Participants were seated at a distance of 60 cm from a Dell monitor in an electrically shielded room. Stimuli were displayed (using Presentation) at the center of the monitor against a gray background. The pictures subtended a visual area of 12° × 9°, and the word pairs presented in a 40-point black font subtended a visual area of 6.2° × 1.4°. A standard study-test paradigm was adopted, which included 8 study-test blocks, with each study phase followed by a test phase after a distraction task of 3-digit backward counting. Stimuli were thus split evenly into the 8 blocks, presented pseudo-randomly with no more than three consecutive trials from the same condition.

At study, each trial started with a black fixation cross for 1,000~1,500 ms, followed by a picture for 1,500 ms, during which the participants must verbally report whether they would “Back Away” or “Stay There” from the scene as they encountered them (Fig. 1B). A word pair was then superimposed at the center of the picture for 4,000 ms. During this period, participants were required to create a unitized (unitization group) or nonunitized (nonunitization group) mental imagery for the word pair as vividly as possible. Unitization involved creating an image of the words in a pair interacting with each other (e.g., for “office-eagle”: participants were asked to imagine some eagles in an office; Murray & Kensinger, 2012), whereas nonunitization involved creating a separate image for each individual word (e.g., for “office-eagle”: participants were asked to form an image of an office and to separately form an image of an eagle). Then, a screen with a prompt of “Please rate your success” was presented for 1,500 ms, and participants were to rate their success at generating mental images by button pressing (absolute failure, fuzzy imagery, moderately detailed imagery, and clear and vivid imagery). An ANOVA (emotion × strategy) on the proportion of appropriate mental images (pairs that were given a rating of “moderately detailed imagery” or “clear and vivid imagery”) revealed no main or interactive effect of emotion and strategy [F’s < 1.20, p’s > 0.31]. Therefore, imagery did not differ among the conditions. All participants had first completed a practice phase, including ten word pairs, where they were given examples and practiced on the encoding strategy of unitized or nonunitized mental imagery according to their group assignment (Murray & Kensinger, 2012). They were asked to describe the images they formed by oral report. We then assessed whether they formed the images successfully and provided feedback. All participants were able to use the encoding strategy appropriately after the practice phase.

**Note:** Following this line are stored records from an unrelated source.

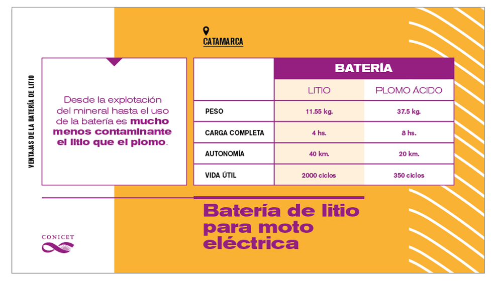 En este contexto, en el Centro de Física y Energía de la Facultad de Ciencias Exactas y Naturales (FACEN) de la Universidad Nacional de Catamarca (UNCa) trabaja un equipo multidisciplinario liderado por el doctor Gabriel Correa, investigador adjunto del Consejo Nacional de Investigaciones Científicas y Técnicas (CONICET). Allí, en el Laboratorio de Sistemas Hidrógeno y Litio avanzan en una batería de litio más liviana y duradera que las baterías tradicionales. Además, desarrollaron una aplicación para teléfono celular que le indica al usuario si necesita una recarga. La batería es parte neural de la Moto Eléctrica Litio Catamarca (MeLICA) presentada el pasado mes de junio en la capital provincial.
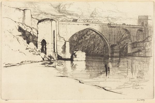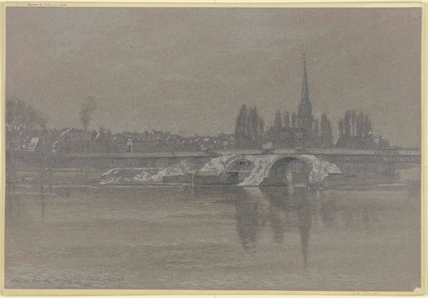 Curator: This is George Price Boyce's "Blackfriars Bridge: Moonlight Sketch," currently held in the Tate Collections. Editor: How evocative. The somber hues and muted light lend a rather melancholic air to the industrial architecture. Curator: Indeed, the composition is compelling. The bridge's arches create a series of repeating forms, almost like a visual echo, drawing the eye across the River Thames. Note the artist's use of watercolor to capture the subtle gradations of darkness. Editor: It speaks to the social realities of 19th-century London, when bridges like Blackfriars facilitated the movement of goods and people. Though the moon is not seen, its reflection dances like spirits on the surface of the river. Curator: A perceptive reading. The brushstrokes suggest a quiet contemplation on the part of the artist, a reflection on the urban landscape. Editor: Precisely. The sketch format and nocturnal setting transform a common scene into something intimate and, dare I say, rather romantic. Curator: I agree. A poignant interplay of form, light, and historical context. Editor: Quite. It leaves one to ponder the unseen stories unfolding beneath the moonlight.
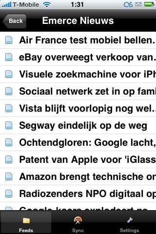 Met RSS kun je gemakkelijk het nieuws op tientallen websites per dag lezen. Op de desktop kan dat bijvoorbeeld via Google Reader. Voor de iPhone is er nu een native applicatie die gebaseerd is op Google Reader: de applicatie Feeds. Nu was er natuurlijk al de applicatie SmartRSS, maar daarin moet je je RSS-feeds handmatig invoeren. Je kunt niet uit een kant-en-klaar lijstje kiezen en het importeren van OPML-bestanden wordt in SmartRSS ook niet ondersteund. Bij Feeds hoef je alleen je gebruikersnaam en wachtwoord van Google Reader in te voeren.
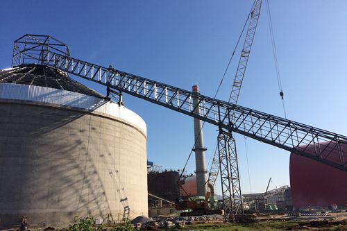 此次斜拉链吊装高度高,难度系数大,加之缅甸无大型吊车的限制,更增加了吊装的难度。面对困难,项目部领导精心组织、周密安排,从其他安装单位协调吊车,吊装过程中时刻注意安全,最终顺利完成了吊装,为缅甸皎施海螺如期点火奠定了基础。
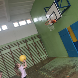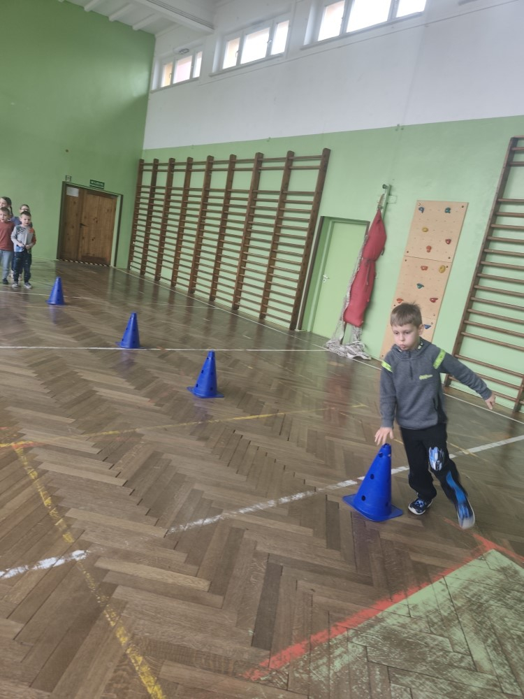 Podczas ferii zimowych dzieci przedszkolne chętnie uczestniczyły w zajęciach na sali gimnastycznej. Zajęcia były pełne ruchu i radości – dzieci brały udział w zabawach sportowych, ćwiczeniach ogólnorozwojowych oraz prostych grach zespołowych. Dzięki temu mogły spożytkować energię, rozwijać sprawność fizyczną i uczyć się współpracy z rówieśnikami. Aktywności odbywały się w bezpiecznej i przyjaznej atmosferze, sprzyjającej dobrej zabawie.

At test, each trial started with a fixation cross for 1,000~1,500 ms, followed by a word pair for 2,000 ms. Pictures were not presented at retrieval. Participants were asked to make a response of “intact,” “rearranged,” or “new” via keyboard as quickly and accurately as possible. Buttons were counterbalanced across participants. Half of participants (in per group) made responses of “old” and “rearranged” by pressing the key “F” and “G” with left hand, and of “new” by pressing the key “J” with right hand. The other half of participants responded “old” and “rearranged” by pressing the key “H” and “J” with right hand, and “new” by pressing the key “F” with left hand.

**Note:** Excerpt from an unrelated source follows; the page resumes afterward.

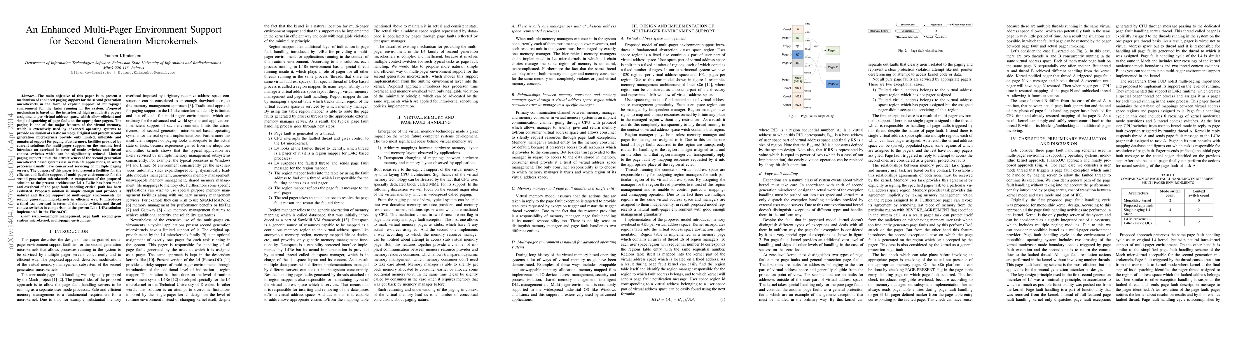 Researchers propose an enhanced paging mechanism for second-generation microkernels to support multi-pager environments, aiming to improve efficiency and reduce overhead in page fault handling.
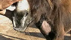 Choke is a condition in horses in which the esophagus is blocked, usually by food material. Although the horse is still able to breathe, it is unable to swallow, and may become severely dehydrated. A secondary condition, aspiration pneumonia, may also develop if food material and saliva accumulate in the pharynx, spilling into the trachea and into the lungs. Choke is one of the "top 10" emergencies received by equine veterinarians.[1]

EEG recording and analysis

The EEG was recorded using a 64-channel Neuroscan system with a 500-Hz sampling rate with a 0.05~100-Hz bandpass filter. The electrode locations adhered to the extended international 10–20 system. Electrooculogram (EOG) was recorded by a pair of electrodes placed outside the outer canthi of each eye and one infraorbital to the left eye. The left mastoid was used as the reference site online, and EEG signals were re-referenced offline to the average of the left and right mastoid recordings. Impedance was less than 5 kΩ. EEG/EOG signals were filtered with a bandpass of 0.05~40 Hz. EEG data from the test phase were separated into 1,100-ms epochs, including 100 ms before stimulus onset for baseline correction. Epochs with amplitude exceeding ±75 μV were rejected. EOG blink artifacts were corrected using a linear regression estimate (Gratton, Coles, & Donchin, 1983). The minimal number of trials for each condition was set at 16, and 6 participants were excluded for failing to meet the minimal number of trials.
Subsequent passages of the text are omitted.